Pengamatan organ dalam menunjukkan bahwa pada kontrol positif hati terlihat berwarna merah kekuningan dan membengkak, ginjal merah tua kehitaman dan membengkak, empedu berwarna kuning dan limpa merah kecoklatan dan membengkak. Menurut Oliver et al., (1981) dalam Taufik (2001) patogen A. hydrophila disamping memakan dan merusak jaringan organ tubuh juga mengeluarkan toksin yang disebarkan ke seluruh tubuh melalui aliran darah sehingga menyebabkan hemolisis dan pecahnya pembuluh darah yang mengakibatkan warna kemerahan pada tubuh ikan. Penampakan pada organ dalam perlakuan pengobatan mirip dengan kontrol positif, ginjal terlihat berwarna merah tua, hati merah sedikit pucat, empedu hijau kekuningan dan limpa berwarna merah kecoklatan. Sedangkan pada kontrol negatif organ dalam terlihat normal, ginjal dan hati berwarna merah kecoklatan, limpa berwarna merah tua dan empedu terlihat hijau kebiruan. Organ dalam pada pencegahan terlihat mendekati kontrol negatif, ginjal terlihat berwarna merah tua kecoklatan, hati terlihat merah gelap, limpa terlihat berwarna merah gelap dan empedu berwarna hijau kebiruan. Hal ini dapat menggambarkan jeruk nipis yang diinjeksikan pada ikan dapat mencegah rusaknya organ dalam akibat infeksi A. hydrophila. Vitamin A yang terkandung di dalam jeruk nipis dapat meningkatkan daya tahan kulit terhadap infeksi dan protein yang berguna untuk memperbaiki jaringan tubuh yang mengalami kerusakan ataupun memperbaharui jaringan yang sudah tua (Trisbiantara, 2008).

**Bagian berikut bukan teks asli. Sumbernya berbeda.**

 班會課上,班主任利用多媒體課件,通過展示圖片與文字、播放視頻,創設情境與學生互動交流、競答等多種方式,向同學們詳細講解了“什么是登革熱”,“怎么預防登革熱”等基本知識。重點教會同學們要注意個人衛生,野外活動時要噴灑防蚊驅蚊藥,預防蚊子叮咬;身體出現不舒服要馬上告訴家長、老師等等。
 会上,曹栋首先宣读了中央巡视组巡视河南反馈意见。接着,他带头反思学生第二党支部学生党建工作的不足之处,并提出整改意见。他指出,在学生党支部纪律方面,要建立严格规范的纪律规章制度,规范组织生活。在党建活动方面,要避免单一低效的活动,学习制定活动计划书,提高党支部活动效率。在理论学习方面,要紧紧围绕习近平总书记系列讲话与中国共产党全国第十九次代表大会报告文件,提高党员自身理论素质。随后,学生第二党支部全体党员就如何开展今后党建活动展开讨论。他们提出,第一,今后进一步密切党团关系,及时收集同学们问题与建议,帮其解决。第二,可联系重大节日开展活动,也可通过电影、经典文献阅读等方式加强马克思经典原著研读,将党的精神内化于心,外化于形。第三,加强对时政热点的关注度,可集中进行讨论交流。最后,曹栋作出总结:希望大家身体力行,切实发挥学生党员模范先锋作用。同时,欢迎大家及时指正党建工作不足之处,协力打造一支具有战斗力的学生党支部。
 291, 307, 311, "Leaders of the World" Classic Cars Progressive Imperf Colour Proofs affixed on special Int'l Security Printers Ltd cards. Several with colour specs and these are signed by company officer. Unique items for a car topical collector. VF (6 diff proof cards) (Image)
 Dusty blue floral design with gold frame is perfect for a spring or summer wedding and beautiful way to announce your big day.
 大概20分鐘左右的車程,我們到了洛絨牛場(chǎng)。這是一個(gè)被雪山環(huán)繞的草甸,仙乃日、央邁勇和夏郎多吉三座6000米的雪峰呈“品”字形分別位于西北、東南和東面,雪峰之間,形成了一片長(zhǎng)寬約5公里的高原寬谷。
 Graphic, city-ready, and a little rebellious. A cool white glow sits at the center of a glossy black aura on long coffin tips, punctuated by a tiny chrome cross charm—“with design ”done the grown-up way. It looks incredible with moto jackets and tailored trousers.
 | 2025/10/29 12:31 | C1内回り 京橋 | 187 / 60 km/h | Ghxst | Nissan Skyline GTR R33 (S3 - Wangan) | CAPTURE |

Kualitas air pemeliharaan lele selama uji in vivo telah memenuhi syarat kualitas air yang dianggap baik untuk kehidupan lele menurut Khairuman dan Amri (2002), yaitu suhu diantara 20-30°C, oksigen terlarut (DO) minimum 3 mg/l, pH atau derajat keasaman 6.5-8, sedangkan untuk ammonia total kisaran yang baik untuk budidaya lele menurut Mahyuddin (2007) adalah maksimum 1 mg/l total ammonia. Parameter kualitas air yang terukur selama perlakuan adalah suhu diantara 25-27°C, pH antara 6.5-6.8, DO antara 4.21-6.89 dan TAN antara 0.07-0.114.